In this third case study, finding similar documents, you will examine similarity-based algorithms for retrieval. In this course, you will also examine structured representations for describing the documents in the corpus, including clustering and mixed membership models, such as latent Dirichlet allocation (LDA). You will implement expectation maximization (EM) to learn the document clusterings, and see how to scale the methods using MapReduce.

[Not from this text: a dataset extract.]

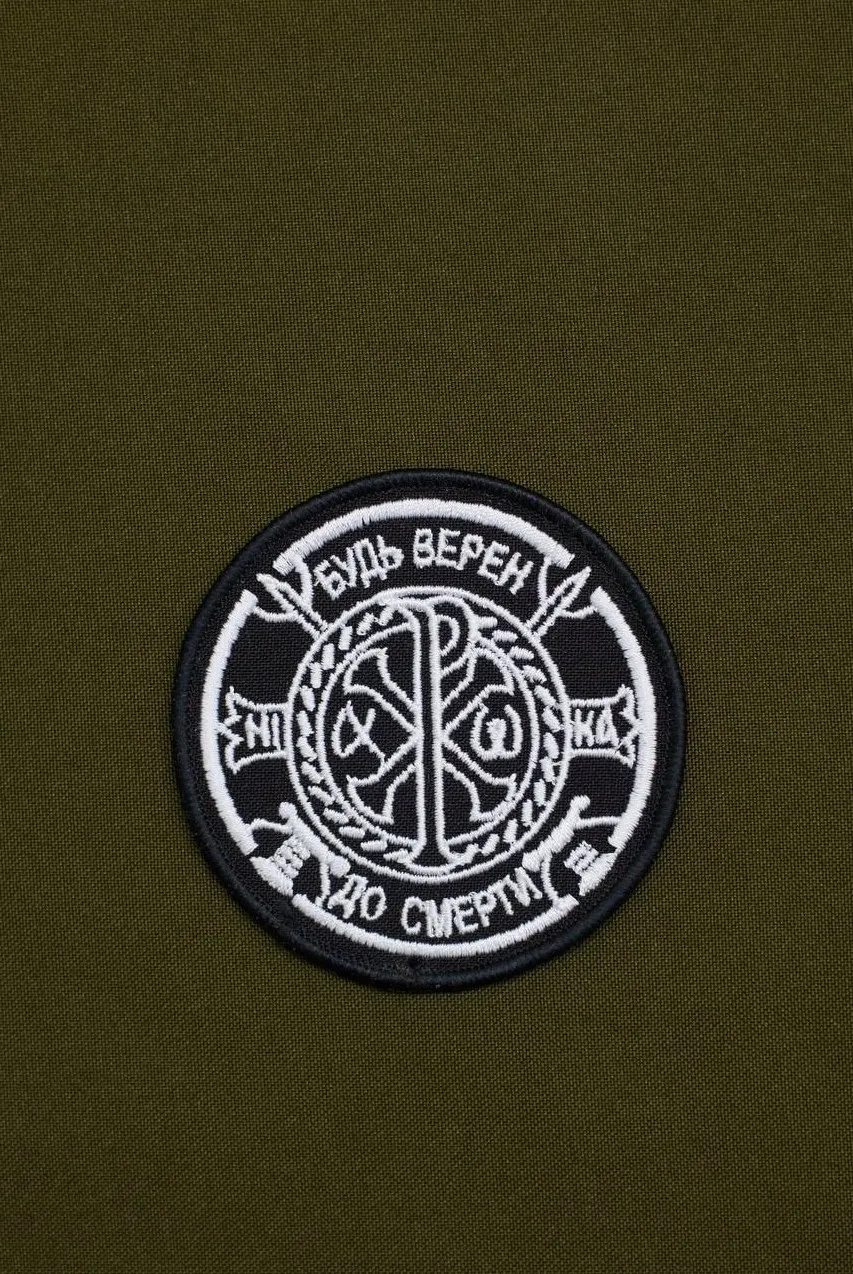ШЕВРОН БУДЬ ВЕРЕН ДО СМЕРТИ ВЫШИТЫЙ БЕЛЫМИ НИТКАМИ НА ЧЁРНОМ ГАБАРДИНЕ

By the end of this course, you will be able to:
-Create a document retrieval system using k-nearest neighbors.
-Identify various similarity metrics for text data.
-Reduce computations in k-nearest neighbor search by using KD-trees.
-Produce approximate nearest neighbors using locality sensitive hashing.
-Compare and contrast supervised and unsupervised learning tasks.
-Cluster documents by topic using k-means.
-Describe how to parallelize k-means using MapReduce.
-Examine probabilistic clustering approaches using mixtures models.
-Fit a mixture of Gaussian model using expectation maximization (EM).
-Perform mixed membership modeling using latent Dirichlet allocation (LDA).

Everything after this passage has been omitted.